How can the Global South steer the world towards food and nutritional security amidst climate change?
- International Agricultural Trade: International borders need to stay open for agricultural trade. India exported 85 million tonnes of cereals to the world, contributing to global food security.
- Climate financing:
- Developed countries: Developed countries must commit to providing $100 billion for the loss and damage caused by climate change. This commitment will pave the way for large-scale climate mitigation and adaptation efforts in developing economies.
- Role of World Bank: It could play a catalytic role in mobilising funds even from the private sector to address the global challenges of poverty reduction, ensuring food and nutritional security and combating climate change through adaptation and mitigation policies
- Private capital investments are essential to complement the current sources of financing. This could unlock more than $6-7 billion in lending for poorer nations to fight climate change.
- Promote South-South cooperation for nutritional security: India and Africa could foster learning and collaboration in the pursuit of sustainable agriculture and food systems.
- Nutrition-sensitive agriculture: Scaling up bio-fortification of staple crops, an innovative and cost effective technique, can ensure availability of nutritious diets in areas affected by chronic malnutrition.
- New varieties of nutrient-rich staple food crops like iron and zinc biofortified pearl millet, zinc-bio fortified rice and wheat, and iron biofortified beans have been developed.
Invest in women’s education and empowerment:
- Reduction in under nutrition: Empirical analysis at ICRIER using NFHS (2019-21) data highlights that mothers’ education and BMI index have a strong association with reducing undernutrition among children.
- Increase in the female labour force participation and fostering long-term economic growth could be ensured through investment in women’s education.
- Investments in WASH(Water, Sanitation and Hygiene) initiatives: This could bring a multiplier effect on nutritional outcomes. Swachh Bharat Abhiyan, which aims to eliminate open defecation and eradicate manual scavenging has multiplier effects in terms of nutrition and poverty reduction.
Frequently Asked Questions (FAQs)
1. What is South-South Learning, and how does it differ from traditional North-South cooperation?
A: South-South Learning involves the exchange of knowledge, experiences, and best practices among countries in the Global South, which face similar socio-economic and developmental challenges. Unlike traditional North-South cooperation, it focuses on collaboration among countries with similar contexts, promoting self-reliance and tailored solutions.
2. Why is South-South Learning important in today’s global context?

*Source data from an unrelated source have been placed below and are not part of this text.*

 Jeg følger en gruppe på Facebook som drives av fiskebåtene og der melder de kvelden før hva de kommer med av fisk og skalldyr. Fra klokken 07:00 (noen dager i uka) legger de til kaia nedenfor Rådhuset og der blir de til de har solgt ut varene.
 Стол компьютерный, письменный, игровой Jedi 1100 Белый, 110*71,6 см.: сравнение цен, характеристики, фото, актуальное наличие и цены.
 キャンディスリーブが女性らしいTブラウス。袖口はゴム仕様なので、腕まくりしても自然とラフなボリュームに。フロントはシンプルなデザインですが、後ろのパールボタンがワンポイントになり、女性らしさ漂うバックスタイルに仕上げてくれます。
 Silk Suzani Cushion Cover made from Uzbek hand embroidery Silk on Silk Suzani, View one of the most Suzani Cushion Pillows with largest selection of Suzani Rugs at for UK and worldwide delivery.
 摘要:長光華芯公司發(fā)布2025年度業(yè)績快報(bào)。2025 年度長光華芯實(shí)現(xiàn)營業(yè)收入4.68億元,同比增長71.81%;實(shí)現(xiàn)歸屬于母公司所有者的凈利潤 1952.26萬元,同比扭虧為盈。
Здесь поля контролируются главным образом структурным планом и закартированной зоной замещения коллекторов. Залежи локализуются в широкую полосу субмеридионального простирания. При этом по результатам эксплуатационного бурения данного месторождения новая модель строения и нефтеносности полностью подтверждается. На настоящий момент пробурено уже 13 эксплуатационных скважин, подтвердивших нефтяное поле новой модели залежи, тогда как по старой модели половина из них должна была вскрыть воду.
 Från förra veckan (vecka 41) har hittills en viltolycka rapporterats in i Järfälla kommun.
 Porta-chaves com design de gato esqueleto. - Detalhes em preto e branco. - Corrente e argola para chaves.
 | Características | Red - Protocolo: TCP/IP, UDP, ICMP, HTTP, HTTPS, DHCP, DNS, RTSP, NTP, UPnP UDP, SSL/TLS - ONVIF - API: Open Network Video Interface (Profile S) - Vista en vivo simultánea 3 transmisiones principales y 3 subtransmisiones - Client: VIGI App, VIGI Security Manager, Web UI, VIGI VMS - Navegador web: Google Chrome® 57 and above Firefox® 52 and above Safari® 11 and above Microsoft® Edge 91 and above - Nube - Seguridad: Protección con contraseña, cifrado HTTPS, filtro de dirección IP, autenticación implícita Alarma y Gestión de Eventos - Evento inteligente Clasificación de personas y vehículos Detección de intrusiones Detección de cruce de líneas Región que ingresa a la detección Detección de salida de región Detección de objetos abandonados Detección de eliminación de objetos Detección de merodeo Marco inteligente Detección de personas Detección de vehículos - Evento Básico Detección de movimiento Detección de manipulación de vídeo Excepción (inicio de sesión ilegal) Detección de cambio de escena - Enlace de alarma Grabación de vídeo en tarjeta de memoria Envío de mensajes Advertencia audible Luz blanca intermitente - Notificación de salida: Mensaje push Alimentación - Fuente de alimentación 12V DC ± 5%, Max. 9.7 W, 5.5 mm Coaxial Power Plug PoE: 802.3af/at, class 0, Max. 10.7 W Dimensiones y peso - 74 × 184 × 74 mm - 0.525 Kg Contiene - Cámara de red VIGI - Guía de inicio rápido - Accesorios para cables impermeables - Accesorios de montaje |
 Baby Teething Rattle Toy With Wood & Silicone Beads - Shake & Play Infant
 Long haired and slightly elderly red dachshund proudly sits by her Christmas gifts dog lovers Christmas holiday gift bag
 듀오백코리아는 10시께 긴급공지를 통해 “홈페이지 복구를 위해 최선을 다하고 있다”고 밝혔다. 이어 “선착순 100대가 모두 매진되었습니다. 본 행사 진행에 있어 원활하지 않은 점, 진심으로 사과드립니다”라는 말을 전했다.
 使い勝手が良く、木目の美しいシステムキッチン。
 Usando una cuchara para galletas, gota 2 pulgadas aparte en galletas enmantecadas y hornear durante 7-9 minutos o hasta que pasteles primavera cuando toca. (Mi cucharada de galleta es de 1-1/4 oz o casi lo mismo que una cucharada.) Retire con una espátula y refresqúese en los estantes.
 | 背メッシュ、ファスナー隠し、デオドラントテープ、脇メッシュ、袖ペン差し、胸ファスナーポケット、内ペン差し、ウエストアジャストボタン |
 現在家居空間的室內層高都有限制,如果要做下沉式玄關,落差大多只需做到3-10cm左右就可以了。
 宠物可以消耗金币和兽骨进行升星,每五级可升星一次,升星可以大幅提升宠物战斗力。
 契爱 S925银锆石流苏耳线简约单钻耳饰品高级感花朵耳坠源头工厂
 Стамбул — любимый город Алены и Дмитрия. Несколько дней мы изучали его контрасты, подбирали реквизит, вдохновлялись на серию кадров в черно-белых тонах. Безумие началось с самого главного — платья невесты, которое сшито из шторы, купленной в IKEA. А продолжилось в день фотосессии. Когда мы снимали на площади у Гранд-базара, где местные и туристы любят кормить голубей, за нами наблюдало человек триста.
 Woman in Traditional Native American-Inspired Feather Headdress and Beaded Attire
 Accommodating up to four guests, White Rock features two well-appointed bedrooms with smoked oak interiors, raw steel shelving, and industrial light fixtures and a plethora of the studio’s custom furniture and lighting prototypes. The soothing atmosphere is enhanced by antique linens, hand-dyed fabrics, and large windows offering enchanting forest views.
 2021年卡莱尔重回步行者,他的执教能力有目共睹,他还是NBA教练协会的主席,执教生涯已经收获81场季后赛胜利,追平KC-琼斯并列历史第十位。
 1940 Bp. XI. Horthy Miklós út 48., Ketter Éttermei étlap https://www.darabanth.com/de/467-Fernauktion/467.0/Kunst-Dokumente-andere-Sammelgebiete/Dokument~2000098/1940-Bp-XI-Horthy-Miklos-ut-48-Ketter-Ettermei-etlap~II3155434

A: South-South Learning is essential because it recognizes the shared challenges and opportunities faced by countries in the Global South. It empowers nations to leverage their collective knowledge and experiences, fostering innovative and context-specific solutions for sustainable development in a rapidly changing world.
3. How can South-South Learning benefit countries in the Global South?
A: South-South Learning allows countries to learn from one another’s successes and failures. It can accelerate development, promote self-sufficiency, and reduce dependency on external aid. Additionally, it can lead to cost-effective and culturally relevant solutions, driving progress in critical sectors.
4. What are some examples of successful South-South Learning initiatives?
A: Examples include India’s experience in eradicating polio, which was shared with other countries in the Global South to combat the disease effectively. Similarly, Bhutan’s Gross National Happiness Index has inspired discussions on holistic well-being and development in other nations.
5. How can countries promote and facilitate South-South Learning?
A: Countries can encourage South-South Learning by establishing platforms for dialogue and knowledge exchange, facilitating partnerships, and providing resources for collaborative projects. Regional organizations and international agencies can also play a vital role in supporting and funding initiatives that promote this approach to development and cooperation.